What is needed:
What you return must be the full data, repeated verbatim, with no pictures in it.

Information shown:
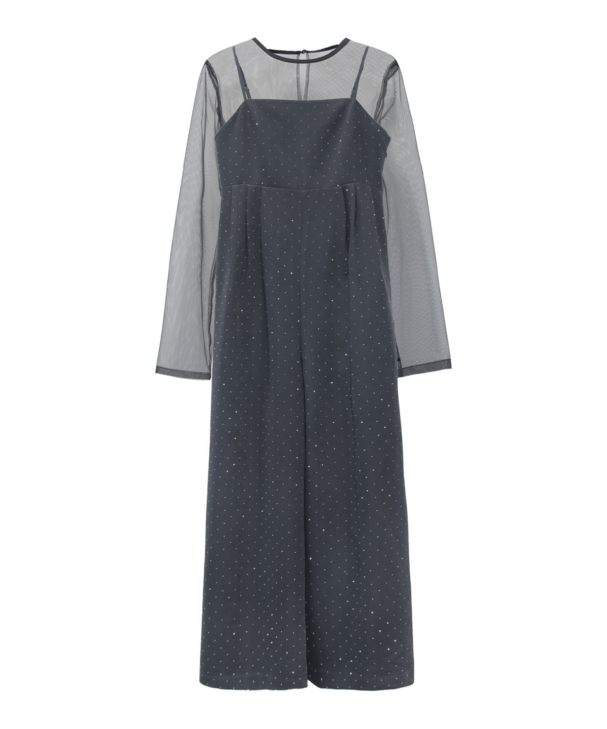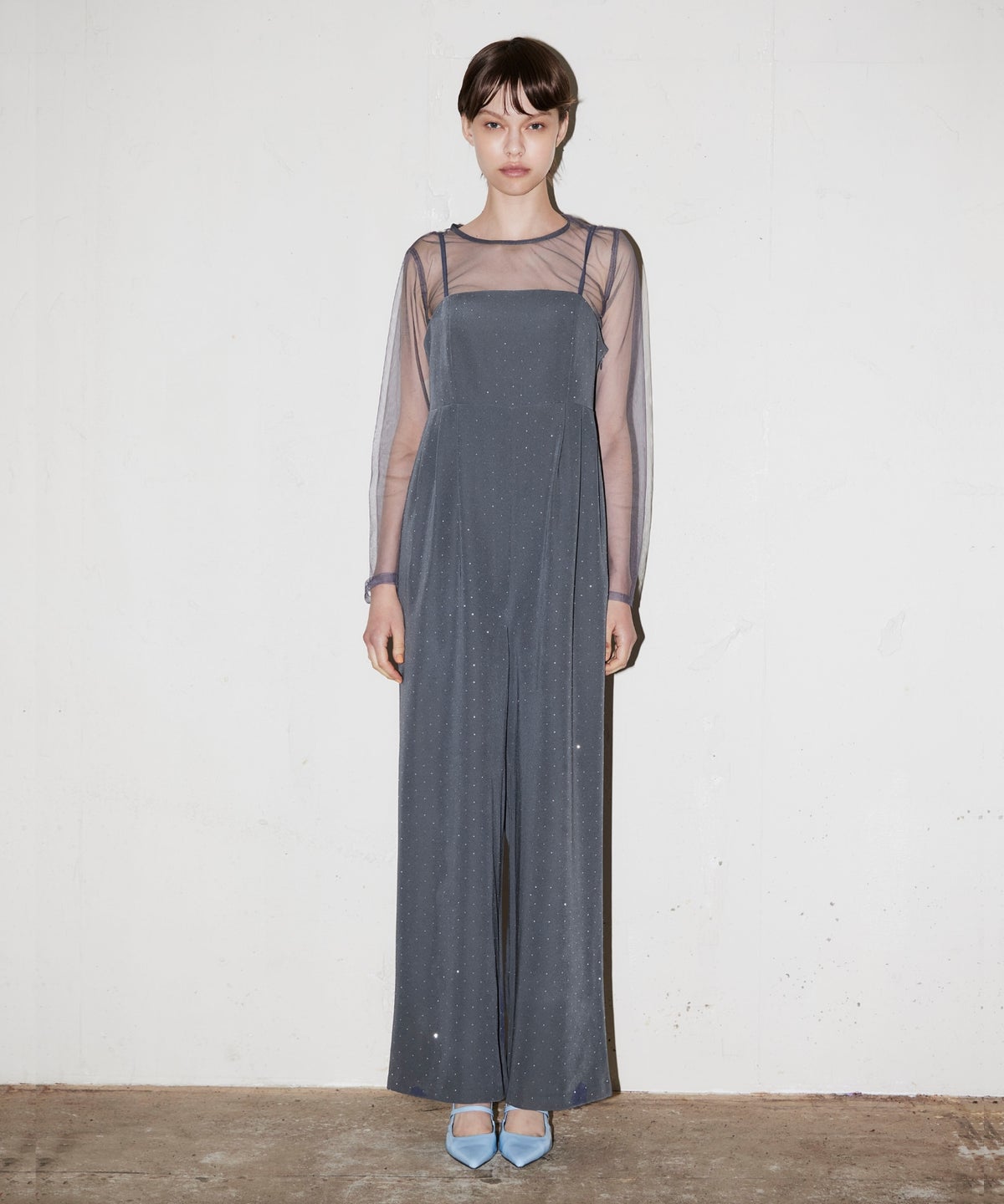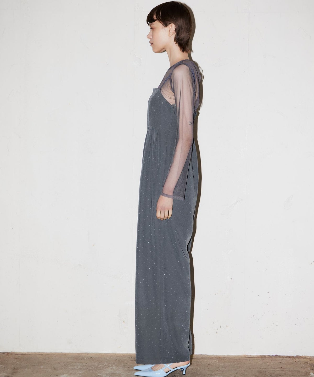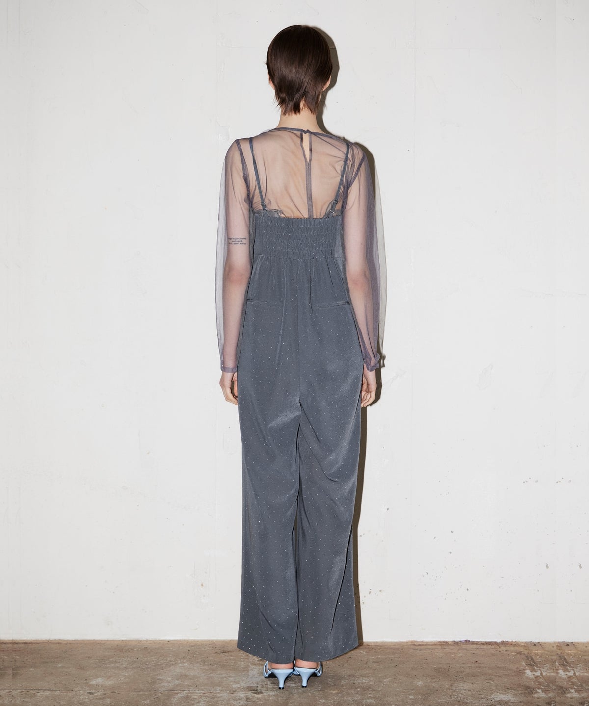 オールインワンは身体のラインを拾いすぎない程よい厚みの素材で、すっきりとしたシルエットを構築。
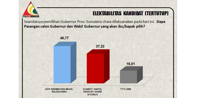 Hasil survei menunjukan pasangan Edy Rahmayadi-Musa Rajekshah (Eramas) unggul jauh dari pasangan Djarot Syaiful Hidayat-Sihar Sitorus (Djoss). Elektabilitas Eramas mencapai 46,77 persen sementara Djoss mencapai 37,22 persen. Adapun yang menyatakan rahasia, tidak tahu, tidak menjawab sebanyak 16,01 persen.
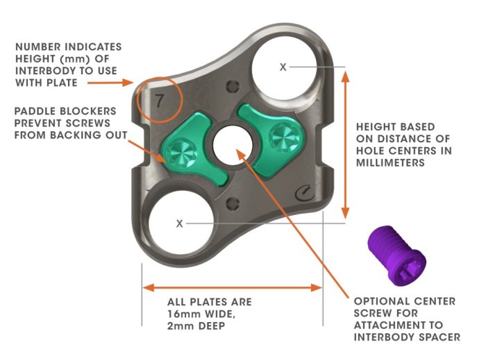 - Center Screw connects ALTIVO™ to Camber Spine interbody spacer

Solved problem:
 オールインワンは身体のラインを拾いすぎない程よい厚みの素材で、すっきりとしたシルエットを構築。
 Hasil survei menunjukan pasangan Edy Rahmayadi-Musa Rajekshah (Eramas) unggul jauh dari pasangan Djarot Syaiful Hidayat-Sihar Sitorus (Djoss). Elektabilitas Eramas mencapai 46,77 persen sementara Djoss mencapai 37,22 persen. Adapun yang menyatakan rahasia, tidak tahu, tidak menjawab sebanyak 16,01 persen.
 - Center Screw connects ALTIVO™ to Camber Spine interbody spacer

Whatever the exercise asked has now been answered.